### The records
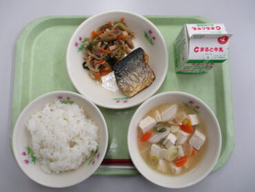 2026.2.26 1学年 2学年 3学年 全校生 2月25日の給食を紹介します 2月25日の給食は、ごはん 、牛乳、 鯖の塩焼き、こんにゃくと野菜の炒め煮、みそけんちん汁でした。 予定献立表では、切干大根の炒め煮でしたが、こんにゃくと野菜の炒め煮に変更になりました。
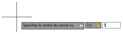 Voici les étapes à suivre pour dessiner un cercle dont les coordonnées du centre sont 3.5,5 et dont la valeur du rayon est 1.25 à l’aide de la saisie dynamique :
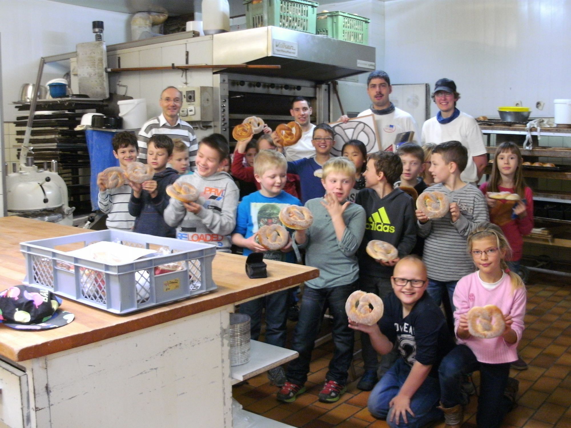 Im Unterricht hatten die Kinder die verschiedenen Getreidesorten, ihre Unterscheidung und Verwendung im Alltag behandelt. Im Klassenraum wurde in einer Kornmühle Getreide frisch gemahlen und ausgesiebt. Die Kinder lernten dabei Begriffe wie Vollkornmehl, Kleie, Schrot , Getreideflocken und die verschiedenen Typenbezeichnungen kennen. In der Backstube ging es dann praktisch zur Sache. Jedes Kind durfte seine eigene Brezel herstellen. Die Brezel wurden nach einer Garzeit im Garraum abgebacken und anschließend in der Backstube im Beisein von Bäckermeister und Gesellen genussvoll verspeist. Die noch warmen Knusperstangen, deren Herstellung die Kinder eindrucksvoll verfolgen konnten, schmeckten ebenfalls lecker. Im Verkaufsraum vor der Theke erfuhren die Kinder, welche Brotsorten im Sortiment angeboten werden. Dabei ging es auch um den jeweiligen Anteil der verschiedenen Mehlsorten, die Größe, das Gewicht, den Preis der einzelnen Brote und die Verwendung von Hefe und Sauerteig.
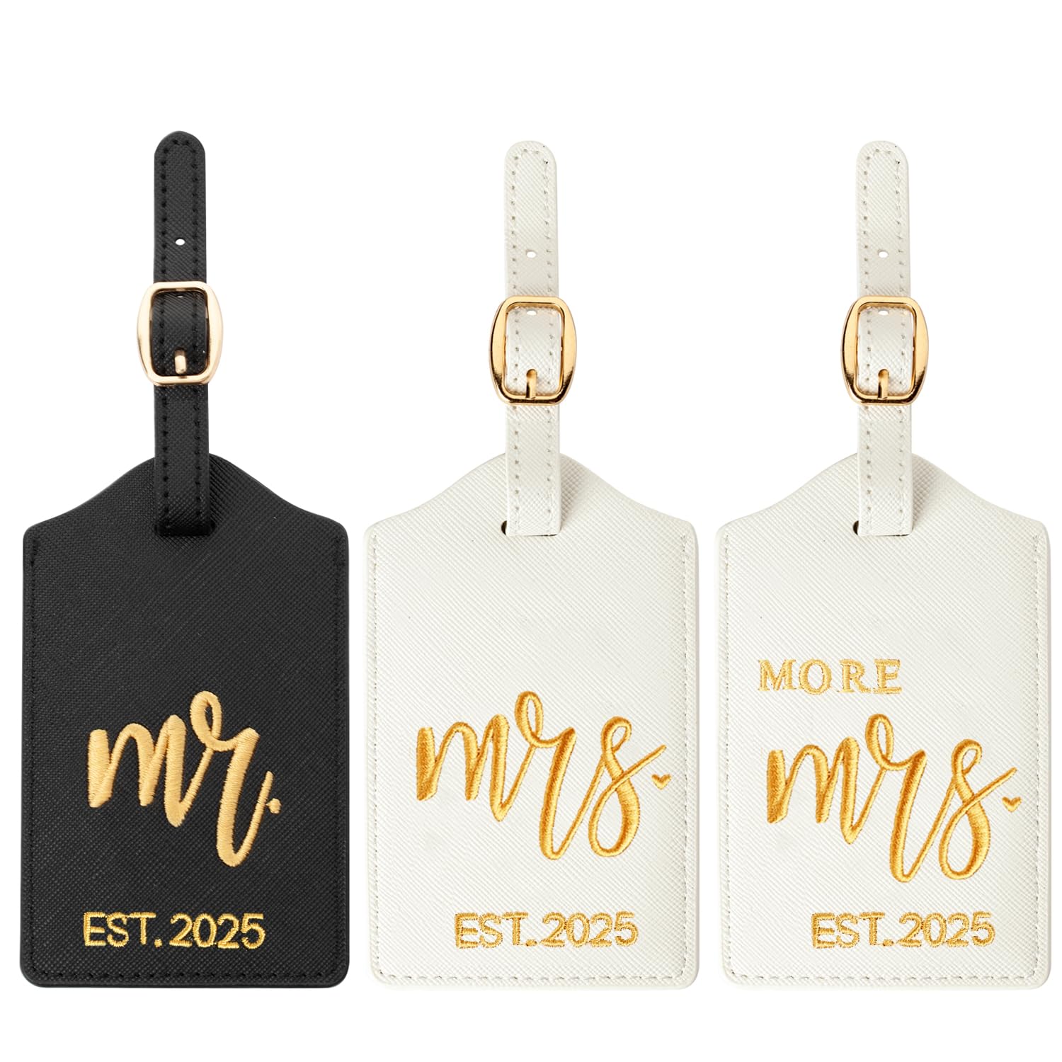 Mr, Mrs and More Mrs Luggage Tags, Embroidered Faux Leather Suitcase Tags, Wedding Gift for Couple, Honeymoon Travel Accessories, Bridal Shower &|Luggage & Bags
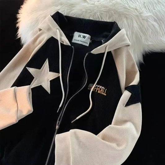 American Retro Patch Star Corduroy Jacket For Men And Women Y2k Streetwear Gothic Street Fashion Relaxed Lazy Cardigan Sweater
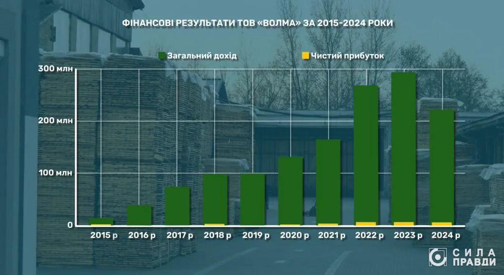 Щорічний оборот компанії останні п’ять років стабільно тримається в межах 150-300 мільйонів гривень на рік. Частина з них припадає на державні замовлення із лісозаготівлі. Щороку фірма генерує 5-10 мільйонів гривень чистого прибутку.
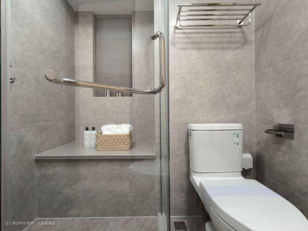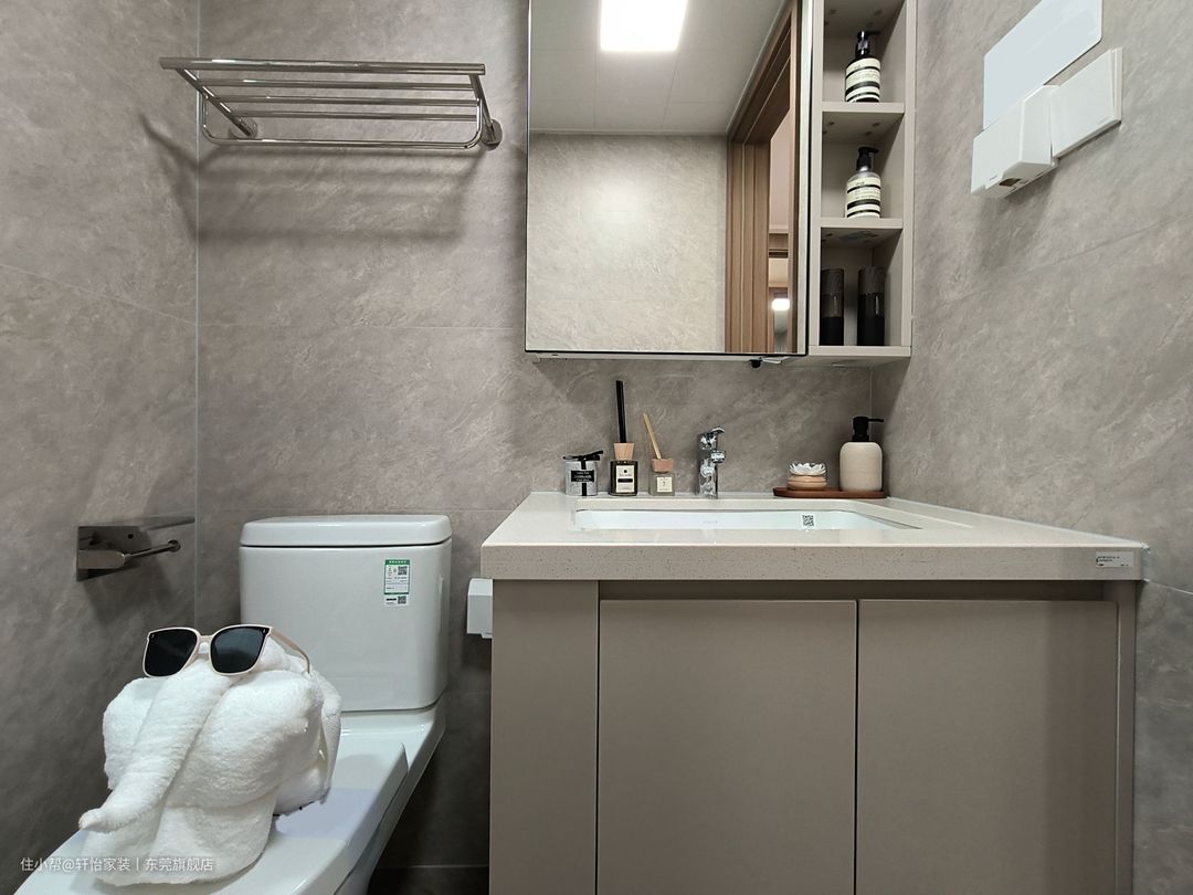 墙地通铺灰色柔光砖,让空间整体性更高。白色铝扣板吊顶,缓解顶面压抑, 同时防潮防湿。 镜柜搭配开放格,让洗漱用品归纳有序,日常取物更方便。浴室柜侧边融入壁龛设计,放置手机,不占整体空间。
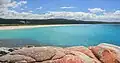 The Bay of Fires is a region of white beaches, blue water and orange-hued granite (the colour of which is actually produced by a lichen). The northern section of the bay is part of Mount William National Park; the southern end is a conservation area.[5]
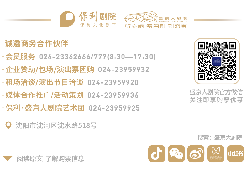 4、由于盛京大剧院停车位有限,且周边道路狭窄,极易在入场高峰造成拥堵。为避免迟到,请您尽量搭车公共交通工具前往,如需自驾,请预留充足的时间,以免影响您准时入场观演!
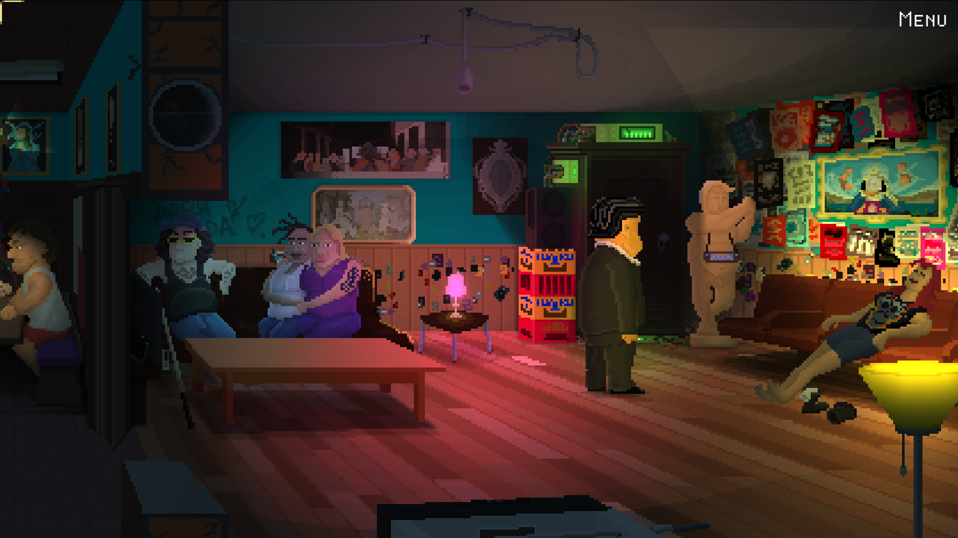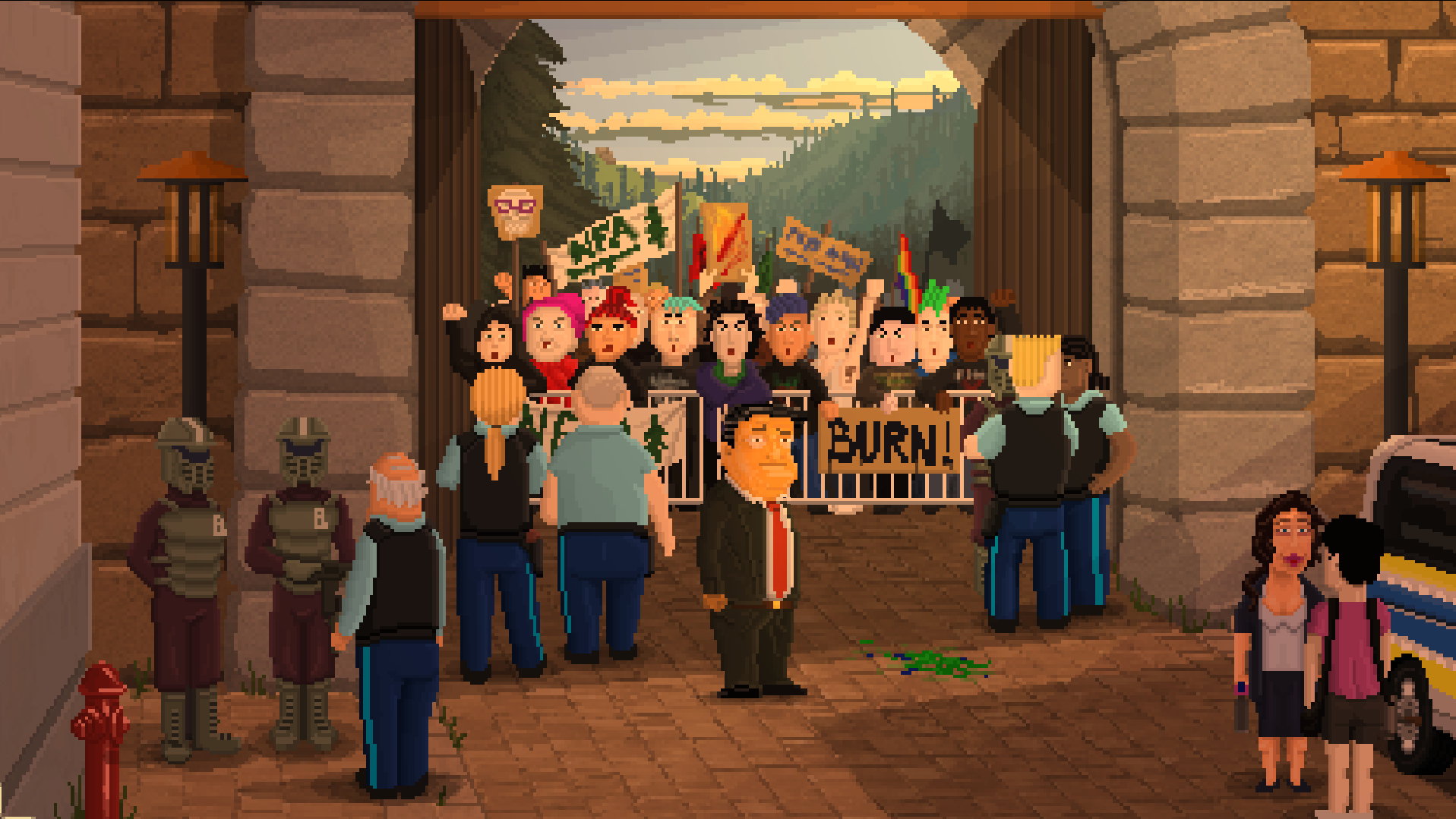 The two playable characters have slightly different playstyles. Don’t worry though: It’s all classic and intuitive point and click gameplay with a few extras. Lloyd will directly address you (House of Cards style) from time to time and the way you treat and talk to him will have consequences on his behavior and possibilities throughout the game. Liv on the other hand has a little cyborg squirrel that you can control! Wait a second… Doesn’t that actually make three playable characters? Hm. Never seen it this way…

### Problem to solve
Print each entry precisely as written; the pictures stay out.

### Exercise result
 2026.2.26 1学年 2学年 3学年 全校生 2月25日の給食を紹介します 2月25日の給食は、ごはん 、牛乳、 鯖の塩焼き、こんにゃくと野菜の炒め煮、みそけんちん汁でした。 予定献立表では、切干大根の炒め煮でしたが、こんにゃくと野菜の炒め煮に変更になりました。
 Voici les étapes à suivre pour dessiner un cercle dont les coordonnées du centre sont 3.5,5 et dont la valeur du rayon est 1.25 à l’aide de la saisie dynamique :
 Im Unterricht hatten die Kinder die verschiedenen Getreidesorten, ihre Unterscheidung und Verwendung im Alltag behandelt. Im Klassenraum wurde in einer Kornmühle Getreide frisch gemahlen und ausgesiebt. Die Kinder lernten dabei Begriffe wie Vollkornmehl, Kleie, Schrot , Getreideflocken und die verschiedenen Typenbezeichnungen kennen. In der Backstube ging es dann praktisch zur Sache. Jedes Kind durfte seine eigene Brezel herstellen. Die Brezel wurden nach einer Garzeit im Garraum abgebacken und anschließend in der Backstube im Beisein von Bäckermeister und Gesellen genussvoll verspeist. Die noch warmen Knusperstangen, deren Herstellung die Kinder eindrucksvoll verfolgen konnten, schmeckten ebenfalls lecker. Im Verkaufsraum vor der Theke erfuhren die Kinder, welche Brotsorten im Sortiment angeboten werden. Dabei ging es auch um den jeweiligen Anteil der verschiedenen Mehlsorten, die Größe, das Gewicht, den Preis der einzelnen Brote und die Verwendung von Hefe und Sauerteig.
 Mr, Mrs and More Mrs Luggage Tags, Embroidered Faux Leather Suitcase Tags, Wedding Gift for Couple, Honeymoon Travel Accessories, Bridal Shower &|Luggage & Bags
 American Retro Patch Star Corduroy Jacket For Men And Women Y2k Streetwear Gothic Street Fashion Relaxed Lazy Cardigan Sweater
 Щорічний оборот компанії останні п’ять років стабільно тримається в межах 150-300 мільйонів гривень на рік. Частина з них припадає на державні замовлення із лісозаготівлі. Щороку фірма генерує 5-10 мільйонів гривень чистого прибутку.
 墙地通铺灰色柔光砖,让空间整体性更高。白色铝扣板吊顶,缓解顶面压抑, 同时防潮防湿。 镜柜搭配开放格,让洗漱用品归纳有序,日常取物更方便。浴室柜侧边融入壁龛设计,放置手机,不占整体空间。
 The Bay of Fires is a region of white beaches, blue water and orange-hued granite (the colour of which is actually produced by a lichen). The northern section of the bay is part of Mount William National Park; the southern end is a conservation area.[5]
 4、由于盛京大剧院停车位有限,且周边道路狭窄,极易在入场高峰造成拥堵。为避免迟到,请您尽量搭车公共交通工具前往,如需自驾,请预留充足的时间,以免影响您准时入场观演!
 The two playable characters have slightly different playstyles. Don’t worry though: It’s all classic and intuitive point and click gameplay with a few extras. Lloyd will directly address you (House of Cards style) from time to time and the way you treat and talk to him will have consequences on his behavior and possibilities throughout the game. Liv on the other hand has a little cyborg squirrel that you can control! Wait a second… Doesn’t that actually make three playable characters? Hm. Never seen it this way…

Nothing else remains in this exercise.